Take care of yourself, and cherish what is special when times are hard. And the odd soppy movie can help too.

Oh wow - when I read the title of this thread I just cringed. "Body hatred" is such a strong emotion to feel towards oneself! I'm so sorry that you are going through this period in your life Shannon! I don't have any advice to offer that hasn't already been mentioned by someone else - but just know that I am thinking of you and sending you hugs!

Shannon, I always look at your posts and admire your outfits and your sense of style, and have never noticed in the last year or so that you've gained any weight. What I do always notice is your glowing complexion and gorgeous lipstick after your new makeup revision last year, and I think, "dang, I have to get up to date with my makeup, Shannon looks fabulous!"

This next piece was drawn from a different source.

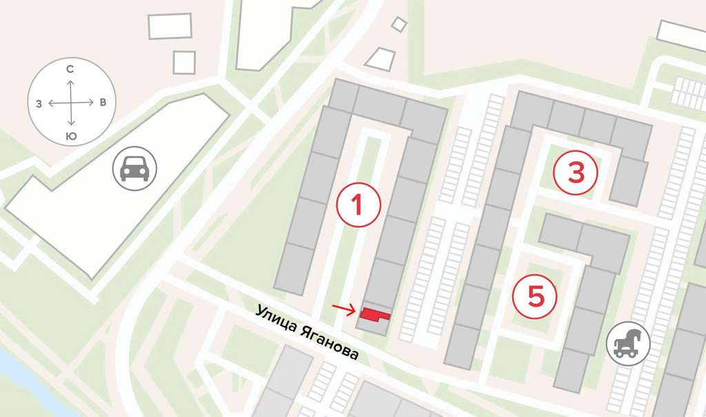 Сдаётся в аренду коммерческое помещение площадью 74,1 м на 1-м этаже 25-этажного жилого дома в ЖК «Пехра».

I just had to chime in with hugs along with everyone else. And echo what Angie said. When I read your post I had to go search out other posts of yours just to make sure that it was really you. I thought I must have mixed you up with a Shannon I wasn't familiar with. I was actually disoriented for a few minutes because the woman with the impeccable style who always looks amazing (and who is showing no physical changes that I can see in photos) couldn't possibly be having a clothing/body crisis! But truly, I get it. Some of the weight I lost is coming steadily back on, I'm getting hot flashes and other peri-menopausal changes, and I want to eat everything - all the time. Everything feels topsy-turvey and I'm worried about some favorite new clothes starting to feel tighter. It's very unnerving. But I remember feeling this way when I started losing weight too, because I had some clothes I loved that I didn't want to lose by them being too baggy. I really agree with others who say find the pieces that you own that fit you best. Put the tighter things away where you can't see them and be tortured by them. And rock your very best shoes, handbags, jewelry and scarves for variety. And know that most of us are in some version of this same boat, right along with you. I admire you and your style so much and hope that you will be encouraged with knowing you much you inspire the rest of us...

Shannon, I had to chime in to respond to your thread. You have had lots of great advice, comforting words and wisdom already, and I can only nod along with so many. I want to add that to me, you are among the most important inspirations here one YLF, and I learn so much from you. I think you always look stylish and fabulous.

In addition to your effortless style, I also admire your ability to take every situation handed to you and turn it to something to learn from. That is a great asset. the upcoming holidays might bring some stress, but I hope they also bring you the opportunity to relax and wind down. I'm sure you will work out what's best for you in the long run. Hugs!

I'm nodding along with all the wise words already spoken and I'm sure you will find a path that works for you and that you put yourself at the top of that list you're going to write. But know this Shannon.. all I see when I look at your photos is a beautiful lady with a killer smile and a fabulous figure. x

What a comfort it is to know that there are such warm hearted people here, and that none of us needs to be alone through our highs or lows. I wish you strength and joy, Shannon.